*Dataset excerpt*
* * * *
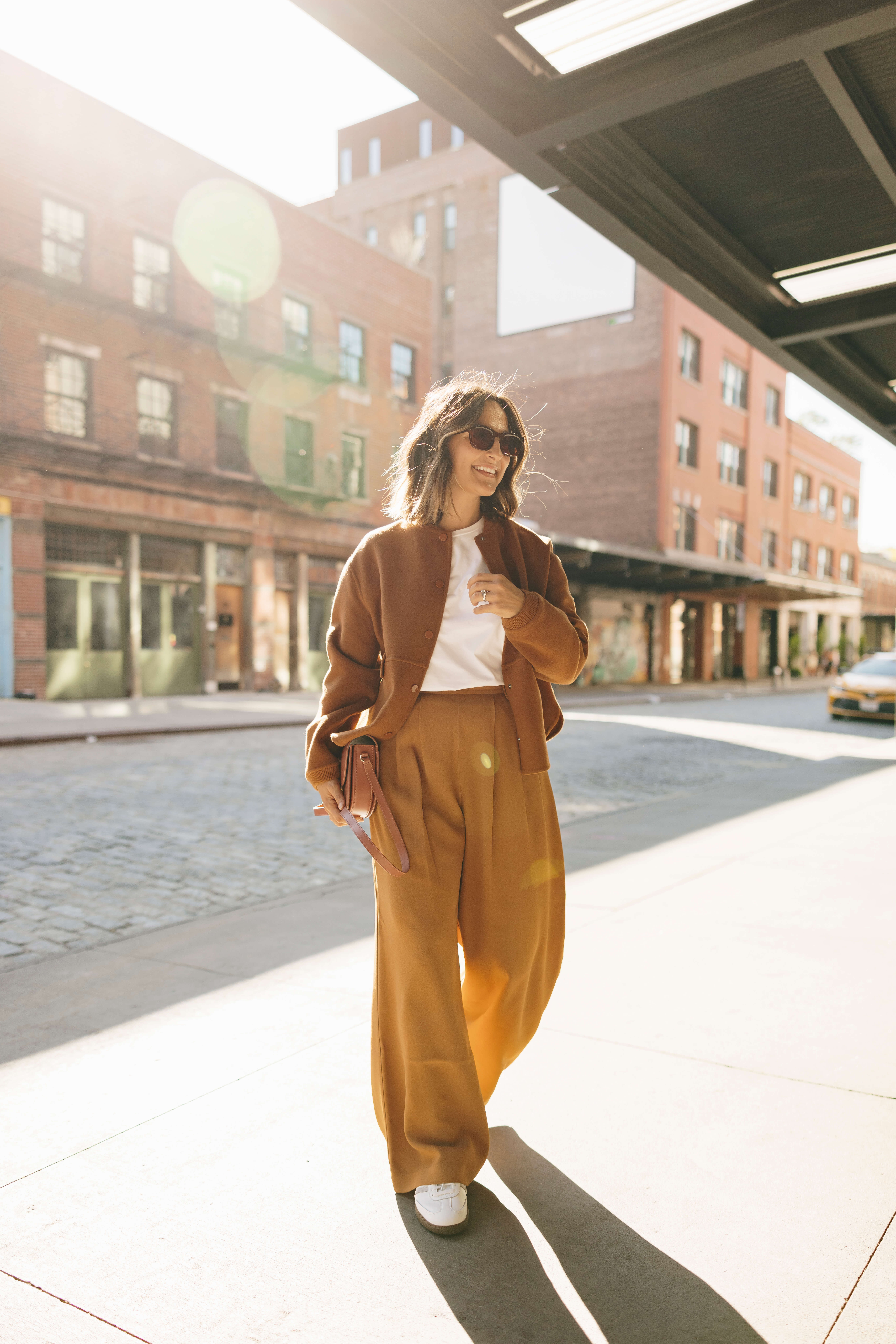 For a sportier vibe, try pairing your wide leg trousers with a the same color bomber jacket for an instant cool girl look. A tomboy silhouette like a bomber jacket mixed with polished trousers makes this effortless and modern.
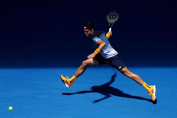 Milos Raonic of Canada plays a forehand in his third round match against Viktor Troicki of Serbia during day six of the 2016 Australian Open at Melbourne Park on January 23, 2016 in Melbourne, Australia.Cameron Spencer/Getty Images
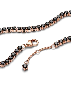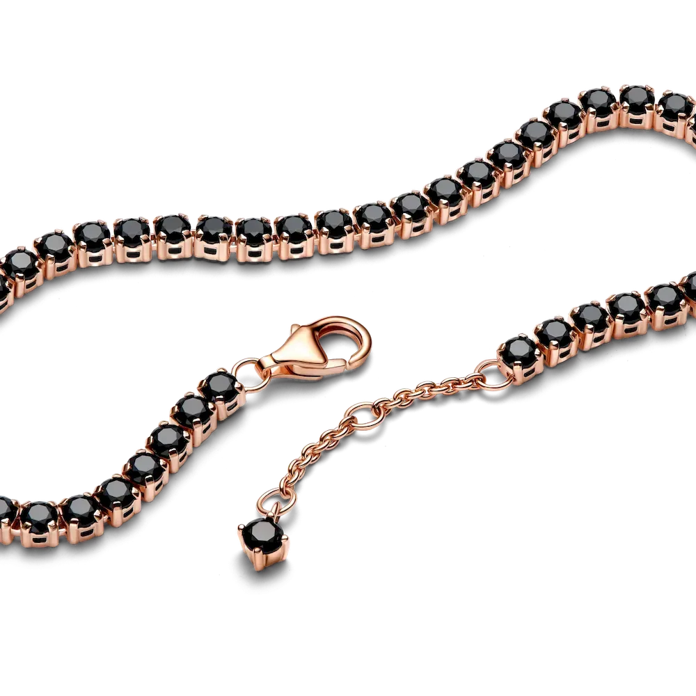 Add boldness to your look with the Black Sparkling Tennis Bracelet. Plated with 14k rose gold, it showcases 48 prong-set black man-made crystals in squared open baskets. The adjustable closure with a dangling stone offers a personalized fit. Ideal for stacking with various colors and metals, this bracelet introduces a bold black stone to Pandora’s Timeless collection. Experience the elegance of repetition and contrast, adding depth to your bracelet stack.
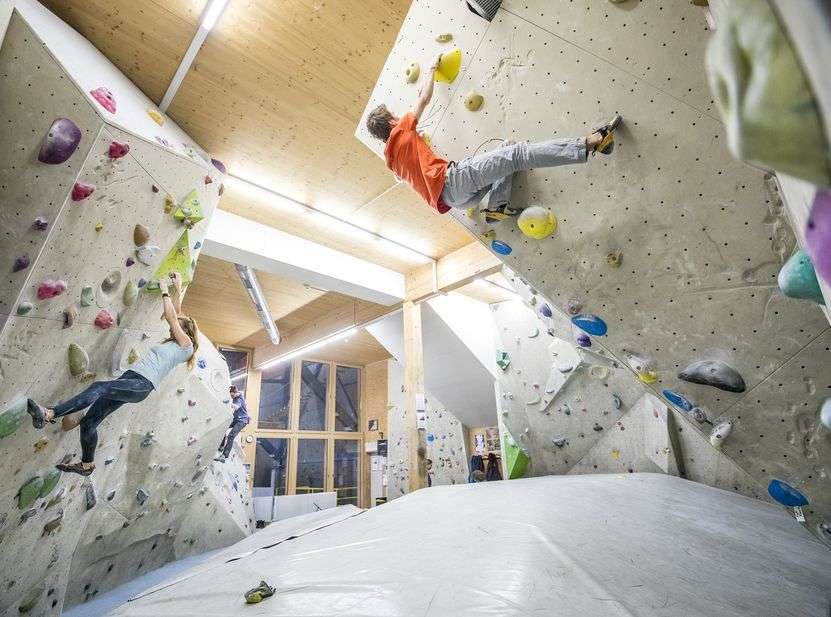 An den Boulderwänden mit einer Fläche von 170 Quadratmetern kann auf Absprunghöhe so geklettert werden, wie man es sich in der Höhe nie zutrauen würde. Knifflige Kletterbewegungen können ausprobiert, die Fingerkraft trainiert und die Koordination und Körperbeherrschung mit viel Spass geschult werden.
* * * *
*What you have to do*
In your copy, leave out the pictures and reproduce the material above exactly.

*Task answer*
 For a sportier vibe, try pairing your wide leg trousers with a the same color bomber jacket for an instant cool girl look. A tomboy silhouette like a bomber jacket mixed with polished trousers makes this effortless and modern.
 Milos Raonic of Canada plays a forehand in his third round match against Viktor Troicki of Serbia during day six of the 2016 Australian Open at Melbourne Park on January 23, 2016 in Melbourne, Australia.Cameron Spencer/Getty Images
 Add boldness to your look with the Black Sparkling Tennis Bracelet. Plated with 14k rose gold, it showcases 48 prong-set black man-made crystals in squared open baskets. The adjustable closure with a dangling stone offers a personalized fit. Ideal for stacking with various colors and metals, this bracelet introduces a bold black stone to Pandora’s Timeless collection. Experience the elegance of repetition and contrast, adding depth to your bracelet stack.
 An den Boulderwänden mit einer Fläche von 170 Quadratmetern kann auf Absprunghöhe so geklettert werden, wie man es sich in der Höhe nie zutrauen würde. Knifflige Kletterbewegungen können ausprobiert, die Fingerkraft trainiert und die Koordination und Körperbeherrschung mit viel Spass geschult werden.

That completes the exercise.